Exhausted and struggling against the bright lights after such a long, dark ER stint, Olivia was desperate to sink into the soft chair she had noticed in Betsy’s room, but she was also too tired to argue with the nurse.
When they stepped into the hallway, Olivia realized she had not even noticed the wall opposite them: it was covered in bright blue vinyl siding, with a roof overhand at the ceiling and exterior windowsills, like a cheerful cottage out of a fairy tale had been plopped in the middle of a hospital.
“This is our family house,” Shanna explained as she pushed through the door. It was less cheery on the inside: yellow paint felt dated rather than warm, and the furniture was clearly commercial, despite the effort to make it feel like a normal, open-concept living space. The industrial ice machine and coffee maker also screamed “hospital waiting room.”
“This is where visitors come when they can’t be in the room for some reason or want to make a meal or something.” Shanna pointed to her left. “And through there is the laundry.”
Olivia blinked. “Laundry. Why would I need to do laundry?”
Shanna looked at her blankly and didn’t say a word. “Oh, just some people need to. Sometimes.” She gestured back toward the door. “I’ll take you up by the nurse’s station and then we’ll go back to Betsy’s room.”
She followed Shanna down the hall, nodded dumbly as they looked into the “nutrition room,” a glorified closet with crackers and baby formula and popsicles. “We’re real generous with the popsicles around here,” Shanna chuckled, trying to push some levity at Olivia, but there was no room for it.
Laundry.

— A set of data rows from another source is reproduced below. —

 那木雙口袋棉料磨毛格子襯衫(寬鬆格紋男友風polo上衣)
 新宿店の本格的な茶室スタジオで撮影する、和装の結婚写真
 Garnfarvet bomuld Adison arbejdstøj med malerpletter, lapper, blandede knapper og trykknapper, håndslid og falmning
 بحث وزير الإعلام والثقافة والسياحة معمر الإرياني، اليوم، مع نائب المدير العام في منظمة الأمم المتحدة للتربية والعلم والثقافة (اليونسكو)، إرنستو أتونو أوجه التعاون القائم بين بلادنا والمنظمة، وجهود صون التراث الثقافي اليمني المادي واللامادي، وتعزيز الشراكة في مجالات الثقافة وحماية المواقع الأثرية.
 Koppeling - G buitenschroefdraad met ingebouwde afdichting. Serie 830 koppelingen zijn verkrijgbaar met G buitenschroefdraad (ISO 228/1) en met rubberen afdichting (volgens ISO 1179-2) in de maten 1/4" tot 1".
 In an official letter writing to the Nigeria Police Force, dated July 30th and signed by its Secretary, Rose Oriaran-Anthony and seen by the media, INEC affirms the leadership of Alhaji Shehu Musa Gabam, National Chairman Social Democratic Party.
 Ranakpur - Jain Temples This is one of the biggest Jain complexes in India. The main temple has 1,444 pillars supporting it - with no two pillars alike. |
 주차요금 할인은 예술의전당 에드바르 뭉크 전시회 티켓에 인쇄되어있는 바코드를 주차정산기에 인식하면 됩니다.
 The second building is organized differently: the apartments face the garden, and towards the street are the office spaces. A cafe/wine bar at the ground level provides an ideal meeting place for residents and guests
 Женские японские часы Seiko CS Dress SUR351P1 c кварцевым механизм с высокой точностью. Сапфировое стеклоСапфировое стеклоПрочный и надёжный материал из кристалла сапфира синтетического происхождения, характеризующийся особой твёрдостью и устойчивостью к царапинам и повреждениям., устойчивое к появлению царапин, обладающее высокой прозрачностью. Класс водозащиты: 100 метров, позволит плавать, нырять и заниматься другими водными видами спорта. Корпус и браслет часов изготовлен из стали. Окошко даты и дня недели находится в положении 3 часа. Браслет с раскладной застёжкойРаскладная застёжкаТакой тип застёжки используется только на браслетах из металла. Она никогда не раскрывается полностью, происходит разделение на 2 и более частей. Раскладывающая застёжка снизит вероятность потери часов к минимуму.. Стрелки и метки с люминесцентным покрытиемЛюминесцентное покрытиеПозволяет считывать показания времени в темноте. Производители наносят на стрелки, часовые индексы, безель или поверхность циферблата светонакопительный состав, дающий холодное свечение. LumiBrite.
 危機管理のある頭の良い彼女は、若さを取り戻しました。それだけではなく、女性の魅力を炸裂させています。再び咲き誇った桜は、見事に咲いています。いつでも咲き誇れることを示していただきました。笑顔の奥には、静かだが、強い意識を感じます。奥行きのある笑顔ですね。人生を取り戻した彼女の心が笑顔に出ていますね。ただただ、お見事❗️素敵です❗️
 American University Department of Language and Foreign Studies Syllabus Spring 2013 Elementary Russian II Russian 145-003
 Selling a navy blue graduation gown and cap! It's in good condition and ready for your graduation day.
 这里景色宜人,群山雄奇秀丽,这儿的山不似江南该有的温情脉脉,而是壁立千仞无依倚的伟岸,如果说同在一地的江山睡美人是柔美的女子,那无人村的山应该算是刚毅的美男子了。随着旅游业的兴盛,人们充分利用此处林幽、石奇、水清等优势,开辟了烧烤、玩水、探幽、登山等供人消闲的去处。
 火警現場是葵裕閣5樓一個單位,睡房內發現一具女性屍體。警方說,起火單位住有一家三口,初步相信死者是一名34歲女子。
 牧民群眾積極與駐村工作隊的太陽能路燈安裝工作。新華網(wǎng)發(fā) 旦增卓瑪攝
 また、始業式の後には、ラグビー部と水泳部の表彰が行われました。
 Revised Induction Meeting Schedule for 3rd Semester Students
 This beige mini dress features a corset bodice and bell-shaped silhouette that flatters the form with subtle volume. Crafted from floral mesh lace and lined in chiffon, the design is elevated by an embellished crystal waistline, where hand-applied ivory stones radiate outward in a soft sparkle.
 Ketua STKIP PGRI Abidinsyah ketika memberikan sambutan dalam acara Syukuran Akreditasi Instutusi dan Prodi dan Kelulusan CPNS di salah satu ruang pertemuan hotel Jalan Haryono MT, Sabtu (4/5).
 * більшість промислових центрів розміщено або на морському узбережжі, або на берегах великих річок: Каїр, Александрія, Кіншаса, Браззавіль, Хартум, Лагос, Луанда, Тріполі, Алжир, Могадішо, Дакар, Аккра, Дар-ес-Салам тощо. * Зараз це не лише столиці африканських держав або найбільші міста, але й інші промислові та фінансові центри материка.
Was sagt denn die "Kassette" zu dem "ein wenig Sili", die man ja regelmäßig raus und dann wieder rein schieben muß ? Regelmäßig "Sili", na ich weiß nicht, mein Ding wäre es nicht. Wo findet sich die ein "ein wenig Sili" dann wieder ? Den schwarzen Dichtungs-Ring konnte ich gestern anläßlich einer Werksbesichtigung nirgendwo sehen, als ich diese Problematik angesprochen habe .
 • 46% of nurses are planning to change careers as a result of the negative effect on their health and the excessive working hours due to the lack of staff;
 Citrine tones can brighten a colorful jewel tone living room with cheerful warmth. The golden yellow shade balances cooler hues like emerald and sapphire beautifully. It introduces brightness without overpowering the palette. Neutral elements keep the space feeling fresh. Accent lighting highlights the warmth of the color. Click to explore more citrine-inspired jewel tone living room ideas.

Why would we need to do laundry? She couldn’t think of anything else.
“Umm, Mrs. Rodriguez? Are you with me?” Shanna’s voice was saying from far away. “Have you eaten recently? Do you think Betsy would want something?”
The spell of her thoughts broke and she could see the nurse standing before her, cautious but not surprised. Why was no one surprised by any of this? Why did they act like this was normal?
She wet her lips with her tongue. “I think I ate dinner before we came in. Betsy didn’t eat much…”
When her voice trailed off, Shanna squeezed into the nutrition room/closet and opened a refrigerator. “It’s not name brand, but we have some soda, if you’d like. Or juice. And there are plenty of crackers—graham or saltine, your choice.”
At that moment, Olivia’s stomach rumbled. The nurse’s choice of “soda” instead of “pop” registered, but she couldn’t bring herself to acknowledge it or ask where she was from or make a we-say-pop-here-in-Minnesota joke. “Yeah, maybe. I guess a soda would be a good idea. Maybe two?”
“Of course,” Shanna said and handed her two mini cans. “And I’ll grab an orange juice for Betsy, just in case, okay?”
“Yeah, good idea,” she whispered and followed Shanna back down the hallway. Betsy was already asleep in her new bed, and whoever arranged the room had pulled a soft chair up next to it for Olivia. A lump rose in her throat at the kindness of it.
“...and I’ll be back in a little bit to check on you guys, okay?” Shanna was saying.
Olivia gave her a nod and sat down in the chair. The arms were wooden, but there was plenty of room, and the back and seat were soft and comfortable—at least compared to the waiting room chair. She popped the top on her discount soda, the squeal loud in the quiet that had enveloped them.
She took a sip. “Why would we need laundry?” she whispered into the dark. Despite her exhaustion, she sat there for a long while, nursing her drink and her questions.
*Disclaimer: This series is a fictionalized account of when our eldest daughter battled a life-threatening leukemia. (She’s healthy now, praise God!) The medical parts of the story mirror real events that happened; the rest, including the characters, are entirely fiction.